For an expensive racing bike it’s even worse, as they usually weigh less than 10kg (even my €400 fixie was ~11kg) so you’re basically doubling your weight.
It all depends on your personal situation, chance of theft (i.e. where you live), what you do with it, and so forth. Generally speaking, I find that the quality of my life is better if I’m not so paranoid about this kind of stuff and just accept that I lose a bike every few years. It sucks, but one bad event every few years is better than spending time/brain cycles on this kind of stuff every day. YMMV of course.
https://www.youtube.com/watch?v=1HvMPh6JBBI
That thing is comically large! But it looks like it does resist the typical angle grinder.
This is excellent. I work at a design-focused shop. I think our security folks could use this as a way to speak everybody else’s language.
This isn’t really a way to prevent theft but perhaps aid in recovery: GPS or SMS tracker perhaps with motion activation? It seems like it would be fairly easy to do given the availability of microcontrollers and sensors. Getting the police to actually go get it might be more difficult, however.
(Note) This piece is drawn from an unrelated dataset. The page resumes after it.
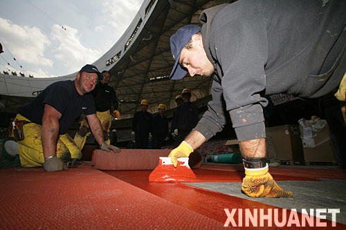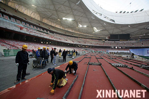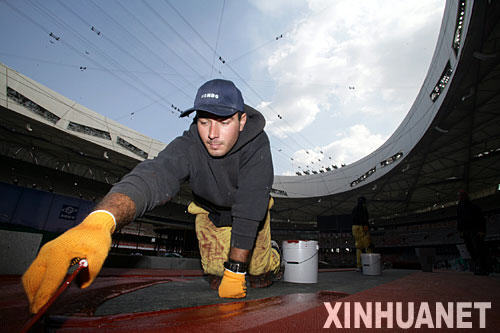 3月30日,北京奧運會主體育場――國家體育場“鳥巢”開始鋪設塑膠跑道。 新華社發(黎方益 攝)

How would you include a tracker in a way that’s not easily removable / disabled by a thief?
My tactic so far has been similar to the bicycle shaped object approach described in the article.
Like the father he mentions, I go out if my way to uglify my already ugly and unappealing bike.
For instance, I leave it dirty, as if ‘this-bike-is-utterly-broken’ dirty; besides that, since I live In a very religious place, I added several religious motifs to where they could stand out. However, all this is just superficial, because all of its parts are top notch though. To put us in another way, the bike is actually good, but looks pretty bad and in bad shape.
In a nutshell, I’m appealing to different sensibilities, messing with the minds of any possible wannabe thief. It has worked thus far.
This is exactly what I do to my bicycle here in Copenhagen. Keep it functional but shabby looking and with a big U-lock. I have had the same bike for 18 years now and I leave it everywhere.
While these threat models are indeed simple, they require knowledge that the average user probably doesn’t have. .e.g. I probably couldn’t write the threat model for bicycles because I honestly didn’t know about between the three types. Further, there’s probably other types that I don’t know about either.